Q: I’m a serious planner (stage management is part of my professional life) and my current job gives me a lot of downtime to dream things up.
My pie-in-the-sky dream wedding looks something like this: church ceremony, small(ish) dinner with close family and friends, followed by drinks/dessert and giant dance party with everyone we know. Is there a way to make that happen that won’t make people feel left out? Can I invite people only to the ceremony and reception? Are we obligated to entertain guests straight through from ceremony on? I don’t think I’m that entertaining!
A: Dear Anna,
You wouldn’t believe how many questions I get about having two receptions. Seriously. And I really love the idea of finding a way to connect with your closest friends and family, and also celebrating your face off with everyone you’ve ever met.

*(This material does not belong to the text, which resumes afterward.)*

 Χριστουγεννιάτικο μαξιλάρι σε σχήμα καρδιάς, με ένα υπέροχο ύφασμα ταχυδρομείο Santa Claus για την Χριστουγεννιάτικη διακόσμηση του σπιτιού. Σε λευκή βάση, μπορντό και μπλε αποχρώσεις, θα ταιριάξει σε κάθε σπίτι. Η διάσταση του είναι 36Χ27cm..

But the logistics of this can get… complicated. By which I mean: you can’t keep guests waiting around while you go have a fancy dinner without them. It’s not about you being so interesting that folks will want to spend the full day engrossed in you. It’s about the logistics of getting fancied up for an hour-long wedding reception, and then needing to kill a few hours waiting around for the next phase of the party (all while knowing fun is being had without you). That’s really inconvenient—to out-of-town guests especially, but also to anyone at all who wants to take off her bra and collapse without the dread of putting it back on in two hours. Then, by default, you’re really absorbing someone’s entire day.

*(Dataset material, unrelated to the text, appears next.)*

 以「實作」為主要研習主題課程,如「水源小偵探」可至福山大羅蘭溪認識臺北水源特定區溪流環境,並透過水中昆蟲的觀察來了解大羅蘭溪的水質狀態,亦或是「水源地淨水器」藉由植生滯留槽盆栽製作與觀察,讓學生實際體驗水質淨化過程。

Plus, as you fear, it could make people feel left out. Not everyone should be invited to every wedding event. But that gap in between “ceremony I’m invited to” and “party I’m invited to” really emphasizes the “I’m not invited to this part” of it. Which, yeah, can hurt.
So if you want to do this two-reception deal, don’t keep people waiting around. Have the most inclusive part right after the ceremony. Pick a good time of day for a drink and a snack, or cake and punch, or whatever you’re offering at this big party, and have the reception that everyone is invited to then. If you still want to have an intimate dinner, plan that around everything else—not the other way around.